Above: Pictures of the Rivas family, hunting in Namibia.

Top Gemsbok Trophy

We already shared this special trophy in the previous Newsletter. It is the top trophy in Uitspan's history.

Mr. Orlando Rivas was the lucky hunter. It will be the new Namibia nr.2 Gemsbok. The Namibia nr.1 Gemsbok scored a total of 281cm. This one scored 278cm. It means a difference of 3 cm on the total. The longest horn measured 47.5 inches.

Indeed a once-in-a-liftime trophy.

Big gemsbok hunt Kalahari, Namibia

Above: The Rivas family with Orlando's special Gemsbok.

In the next issue of our Newsletter, we'll share hunting pictures of

  • Terry and Kay Hoitink from USA
  • Gené and Erin Braaksma from USA
We took Terry and Kay to Kgalagadi Transfrontier Park and Gené and Erin to Etosha. So many special pictures were taken. We have to leave those for the next issue.

From the PH...

You Have to Think Like a Jackal!
Kalahari Hunting, Namibia

"My grandfather, my father, myself and now also my son grew up in a world where you have to be on the lookout for tracks... predator tracks. You have to be able to identify and analyze immediately: when and how long has it been here? Where does it come from, where is it going, how dangerous is it and what damage can it do?

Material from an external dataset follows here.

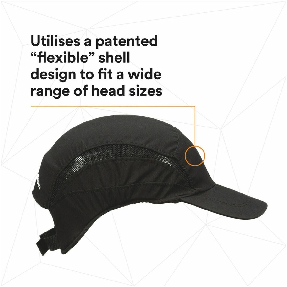 Ventilationsnät på mössans sidor och i hjässanmaximerar andningsaktiviteten. Det elastiska inställningsbandet går djupare ned i nacken än vanligt, vilket gör att mössan sitter säkrare.

Then you have to eliminate and it must be done effectively. But because not two incidents are the same, it usually takes a lot of organization, determination, perseverance, good tactics and an endless resource of knowledge and experience. The main ingredient of the recipe is what my father taught me: If it is a jackal, you have to think like a jackal and if it is a lion, you have to think like a lion.

When you're young you wonder: how does a jackal think? All I knew was what my father thought of a jackal and what all the other farmers thought of a jackal and every other thief who catches their sheep. It doesn't matter if the thief had four or two legs, if he stole and left a track, he will be tracked. And then he must watch his steps!

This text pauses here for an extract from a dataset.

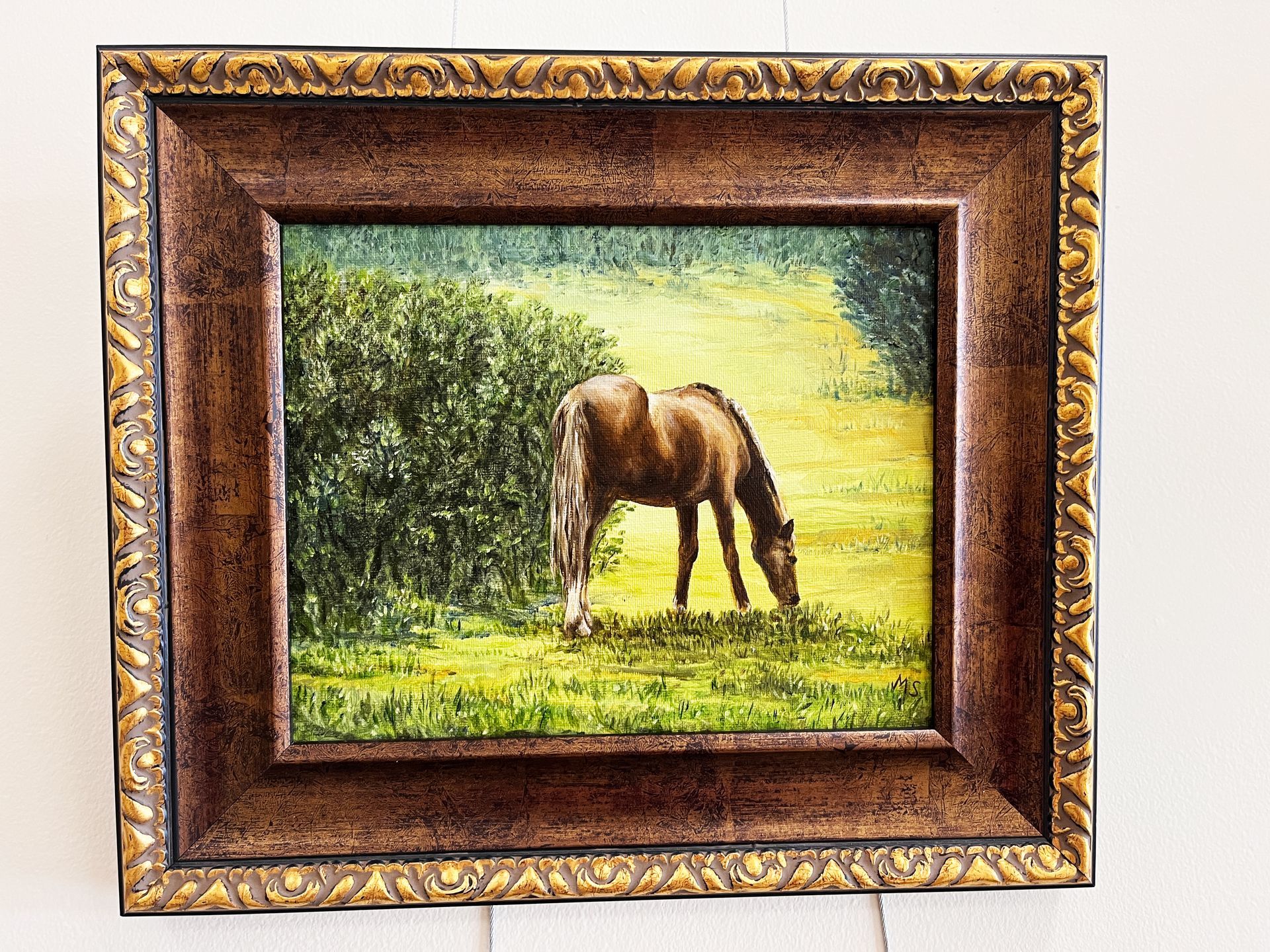 Free To Graze is an oil on canvas creation by Maureen Shallcross. Shallcross is a landscape artist from England who now resides in East Texas. She has devoted her spare time to painting landscapes, animals and birds by using only oils. We celebrate her work and are happy to have it here in The Art For Charity Gallery. This painting is 10"x8" framed. The minimum donation is $300.00.

I remember a jackal hunt of three days long. It lasted from sunrise till sunset with an entourage of vehicles, trackers, horses, ponies and dogs. To stay on the tracks of the sliest animal on earth, leaving a track smaller than an average dog, every day for between 30 and 80 kilometers (± 18 to 50 miles), can test your perseverance. Like my brother in law usually says, "It makes the bravest man yellow."

It reminds me of a story of late Jan Spies (a legendary storyteller of Namibia) about a jackal hunt of long ago (with only horses and dogs). The farmer started on the tracks of the jackal very early that morning and as he crossed into other farms, more farmers and dogs were added to the hunt. The problem with all the dogs was that they were all kinds of breed and then also a mixture of bitches and males. And on this specific day there was a bitch on heat. And that was the start of the end. When the jackal appeared, all the dogs went after it. The horses, who were very tired and footsore at that stage, could not keep up. The hunters had to ask from farm to farm as they travelled where they had last seen the jackal and the dogs. That was when one farmer remarked: ‘Yes, they all passed here a while ago, but what was strange was that the jackal was the second last one.'

Back to the term thinking like a jackal. You can only do that by hunting many jackals or what kind of predator it might be.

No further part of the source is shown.